__Task to complete__
In this exercise, copy exactly the lines from the one that contains "Bliss collana veneziana" through the end of the entries below; pictures are not copied.

[[ Given data, beginning ]]

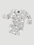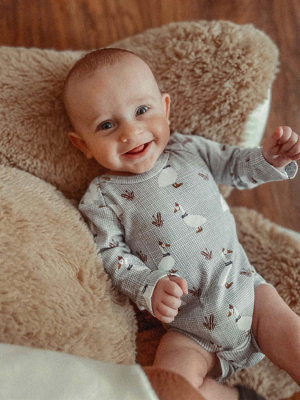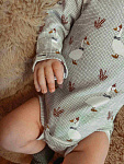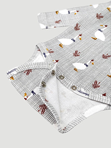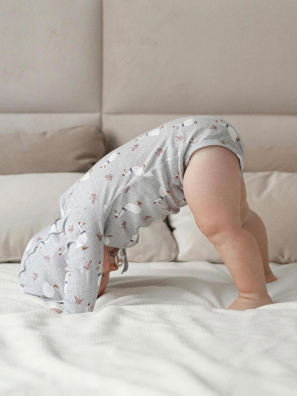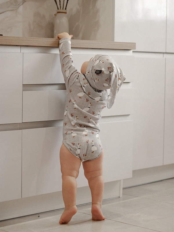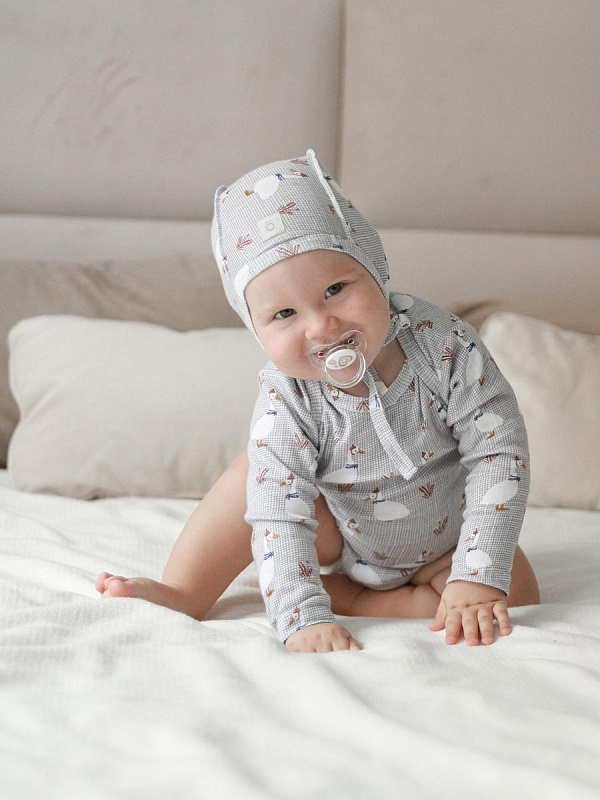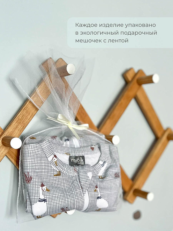 Боди Mjölk [мьёльк] растягивается по фигуре, ребёнку в нём не жарко, он не потеет. В такой одежде можно играть и спать круглый год, поддевать её под комбинезон или спальный мешок. Материал приятный на ощупь, эластичный, гигроскопичный, "дышит" и не вызывает аллергии. Кнопки расположены значительно выше их привычного месторасположения, что облегчает застёгивание изделия на малыше. В сопутствующих товарах можно подобрать изделия в комплект с таким же принтом: мягкую шапочку с узелком, двусторонний плед, сет пелёнок в тон или яркий комбинезон.
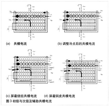 如果在內(nèi)層及初級、次級繞組間放置銅皮,銅皮的寬度小于或等于初級繞組的寬度,銅皮的中點由導線連到冷點,如圖3(c)所示,由于銅皮為冷點,與其接觸的繞組和銅皮間電壓的擺率降低,從而減小共模電流,同時將共模電流由銅皮旁路引入到冷點。注意銅皮的搭接處不能短路,用絕緣膠帶隔開,內(nèi)外層銅皮的方向要一致。輔助繞組和次級繞組的共模電流可以由以下方法補償:① 加輔助屏蔽繞組:輔助屏蔽繞組繞制方向與次級繞組保持一致,輔助屏蔽繞組與次級繞組的同名端連接到一起,并連接到冷點,輔助屏蔽繞組的另一端浮空。由于它們的電壓變化的方向相同,所以兩者間沒有電流流動。②加外層的輔助屏蔽銅皮:輔助屏蔽銅皮的中點連接到輔助繞組的中點。同樣,基于電壓的變化方向分析電流的方向,可以看到,兩者之間的電流形成環(huán)流,相互補償?shù)窒?,從而降低共模電流?br />
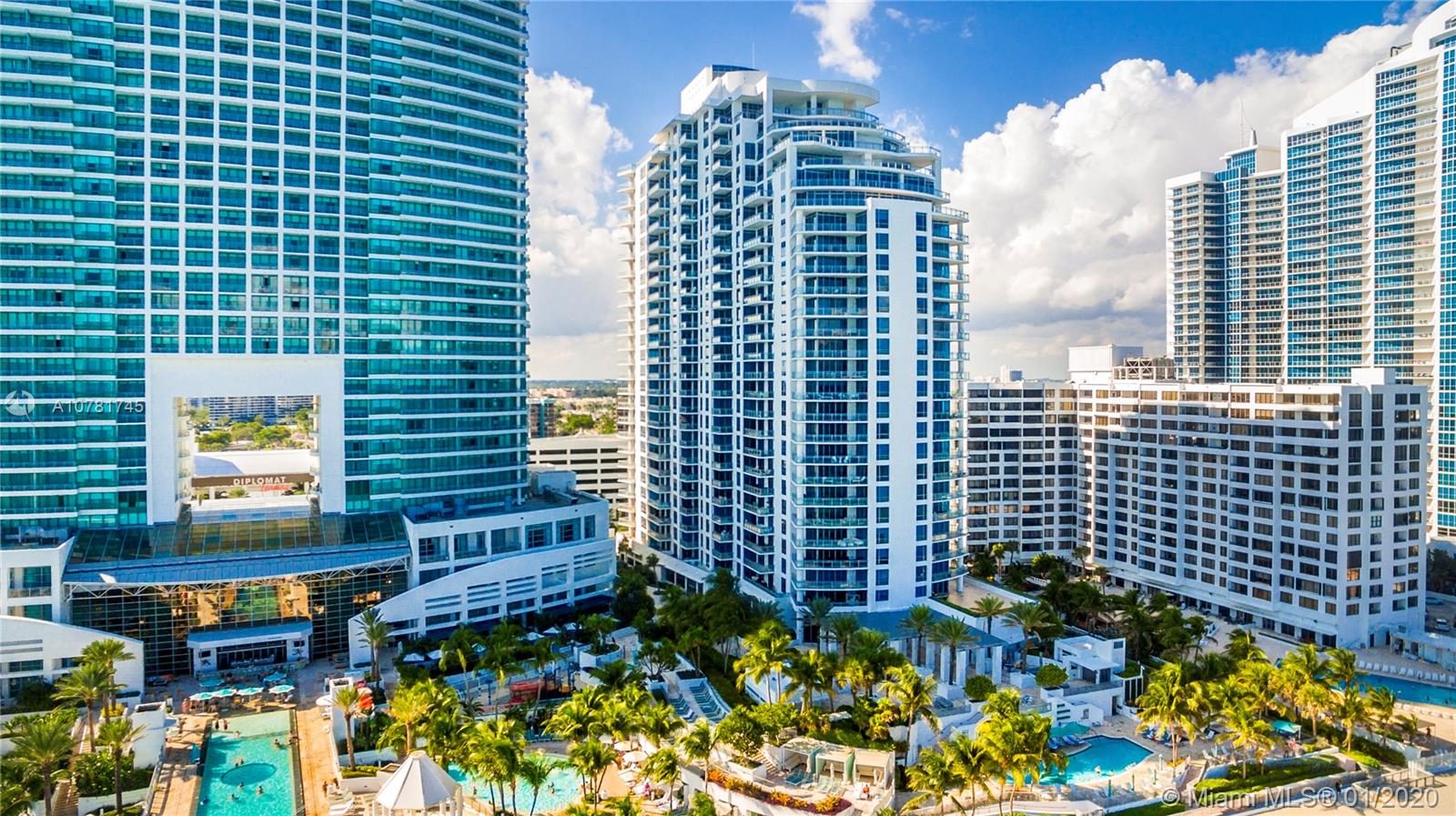 Experience the bright and airy effect of soaring 12 ft ceilings from the 26th floor at The Diplomat Oceanfront Residences. Enjoy the spanning views of the city & ocean from this 3,050 sq ft sub-penthouse style 3 BR. Private elevator access opens into the foyer with custom double door entry for a grand entrance. The spacious corner apt has two large terraces, marble floors, electric blinds, custom-built closets, secured safe and a split floorplan. The room arrangements reduce noise echoing. Enjoy the gourmet kitchen w/ gas range finished w/ Italian cabinets & high-end appliances - subzero, Miele and Dacor. With resort-style amenities, experience luxury living w/ access to the Diplomat Resort & Spa next door, 6 restaurants & more! Theater room,fitness center,sauna,heated saline pool.
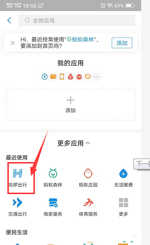 3、点击哈啰出行选项。
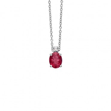 Bliss collana veneziana da donna con pendente un diamante da 0.01 kt di colore G purezza VS poggiato su un rubino da 0.50 kt. Montatura in oro bianco 18 kt e chiusura con moschettone
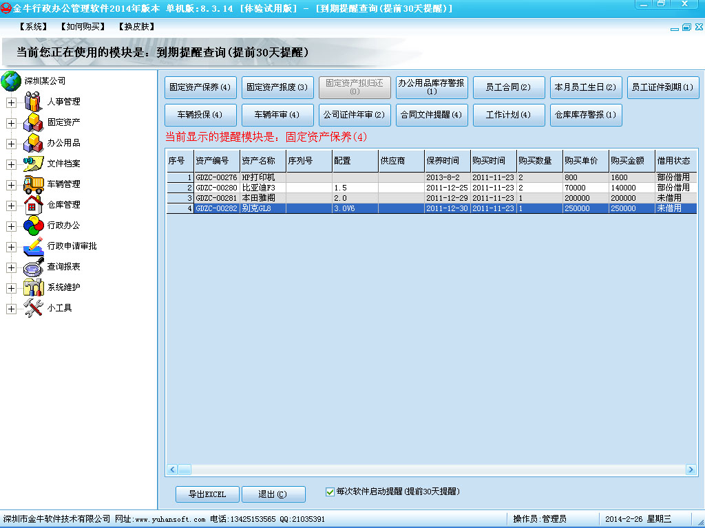 10、到期提醒查询:资产保养提醒,资产报废提醒,资产归还提醒,员工合同提醒,员工生日提醒,车辆投保提醒,车辆年审提醒,公司证件年审提醒
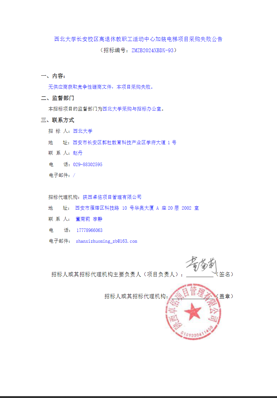 西北大学长安校区离退休教职工活动中心加装电梯项目采购失败公告
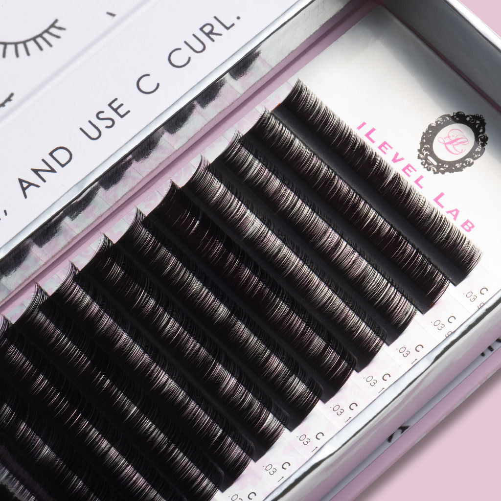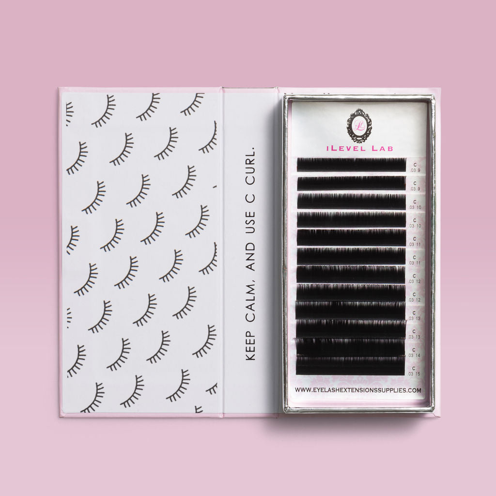 iLevel Lab VEGAN Eyelash Extensions in C Curl are made from soft poly fiber. Each row comes on an individual sticker for easier use and application, apply the row on your desired work area, work efficiently, work faster. C curl is the most popular curl for lash extensions. It is most flattering and fits most eye shapes perfectly.
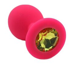 Анальная пробка из силикона розового цвета, размер M. Страз в основании круглой формы, выполнен из стекла желтого цвета. Упакована в вельветовый мешочек для хранения. Вес - 46,5 граммов.
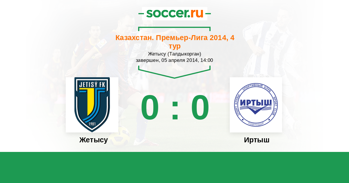 Казахстан. Премьер-лига 20.04.2013 Жетысу Логотип футбольный клуб Жетысу (Талдыкорган) 1:0 Логотип футбольный клуб Иртыш (Павлодар) Иртыш

[[ Given data, end ]]

__Response__
 Bliss collana veneziana da donna con pendente un diamante da 0.01 kt di colore G purezza VS poggiato su un rubino da 0.50 kt. Montatura in oro bianco 18 kt e chiusura con moschettone
 10、到期提醒查询:资产保养提醒,资产报废提醒,资产归还提醒,员工合同提醒,员工生日提醒,车辆投保提醒,车辆年审提醒,公司证件年审提醒
 西北大学长安校区离退休教职工活动中心加装电梯项目采购失败公告
 iLevel Lab VEGAN Eyelash Extensions in C Curl are made from soft poly fiber. Each row comes on an individual sticker for easier use and application, apply the row on your desired work area, work efficiently, work faster. C curl is the most popular curl for lash extensions. It is most flattering and fits most eye shapes perfectly.
 Анальная пробка из силикона розового цвета, размер M. Страз в основании круглой формы, выполнен из стекла желтого цвета. Упакована в вельветовый мешочек для хранения. Вес - 46,5 граммов.
 Казахстан. Премьер-лига 20.04.2013 Жетысу Логотип футбольный клуб Жетысу (Талдыкорган) 1:0 Логотип футбольный клуб Иртыш (Павлодар) Иртыш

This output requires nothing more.